Margaret Fay Carlin v. United States of America (In re Margaret Fay Carlin); Adv. No. 02-6101; Case No. 02-22890-7 (W. Peters; P. Gervasio) (R. Berger) (December 20, 2004)
Facts:
The debtor Margaret Fay Carlin (“debtor’) filed her Chapter 7 bankruptcy petition on August 14, 2002 and later filed a complaint to determine the dischargeability of certain federal income tax liabilities for the years 1999, 2000 and 2001. Generally, the debtor argued that due to her insufficient gross income she was not required to file federal income tax returns, and §507(a)(8) and §523(a)(1) mandate that the tax debt be associated with required tax returns to be priority claims.
Holding:
The Court held that the word “required” relates to whether the specific type of tax required the filing of a return, not whether the individual was required to file a return. The debtor elected to file a joint return with her husband, requiring the filing of a return. Please review for a thorough discussion of dischargeability of tax obligations.

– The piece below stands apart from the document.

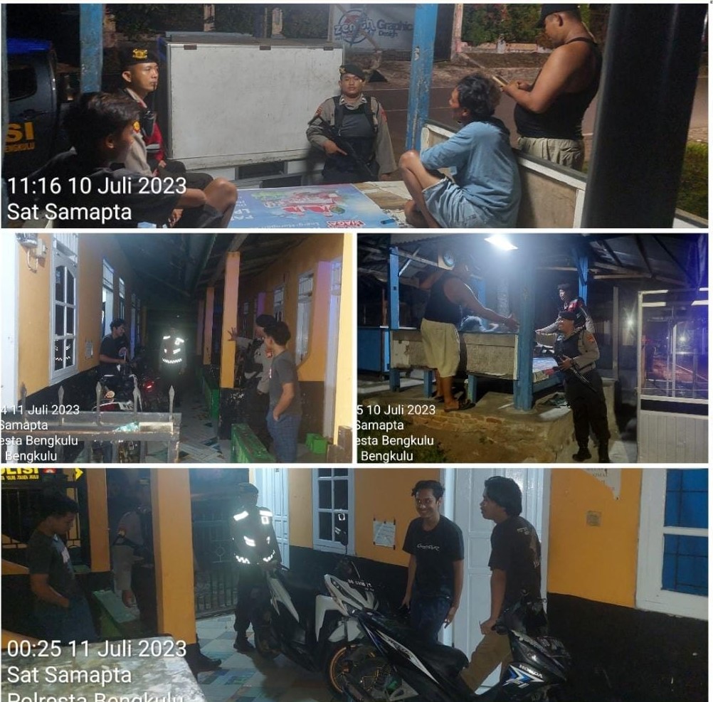 dan Briptu Rianto Ginting, melaksanakan patroli mobiling di seputaran Kota Bengkulu guna antisipasi tindak pidana 3C, Senin (10/07/2023) malam .

Blue Ridge Bank and Trust v Victor M. Cascio (In re Victor M. Cascio); Adv. No. 01-6035; Case No. 01-20231-7 (M. Suter) (R. Berger) (December 20, 2004)
Facts:
The debtor Victor M. Cascio (“debtor”) filed a Chapter 7 bankruptcy petition, and Blue Ridge Bank and Trust (“Bank) filed an adversary complaint seeking to discharge certain obligations pursuant to 11 U.S.C. § 523(a)(2)(b). The debtor and the Bank had previously been engaged in a business relationship spanning more than thirty-six years in which the debtor sought a number of loans. In September 1994, the debtor provided a financial statement to the Bank that represented certain assets and receivables that did not exist. The Court entered judgment in favor of the debtor.
Holding:
The Court held that while the debtor’s financial statement was materially false, the Bank cannot prove by a preponderance of the evidence that it reasonably relied on the information or that the debtor presented the information to the Bank with the intent to deceive the Bank.
In re Donna C. Mazzoni; Case No. 03-24141-13 (D. Frackowiak) (R. Berger) (December 20, 2004)
Facts:
The debtor Donna C. Mazzoni (“debtor”) filed a Chapter 13 bankruptcy petition, and several creditors filed timely proofs of claim but failed to attach supporting documentation evidencing the claims. The debtor objected to each proof of claim on the grounds that the writing on which the respective claims were based was not attached to the claims. The Court overruled the debtor’s objections.
Holding:
A claim may not be denied on a Chapter 13 debtor’s objection solely because the writing on which the claim is based is not attached to the proof of claim. The filed proofs of claim provided evidence of a demand for payment from the estate included the creditor’s name, account number and the amount of the claim at the time the case was filed, satisfying their initial burden of proving the existence and amount of their claims. The debtor has failed to produce evidence challenging the validity of these claims.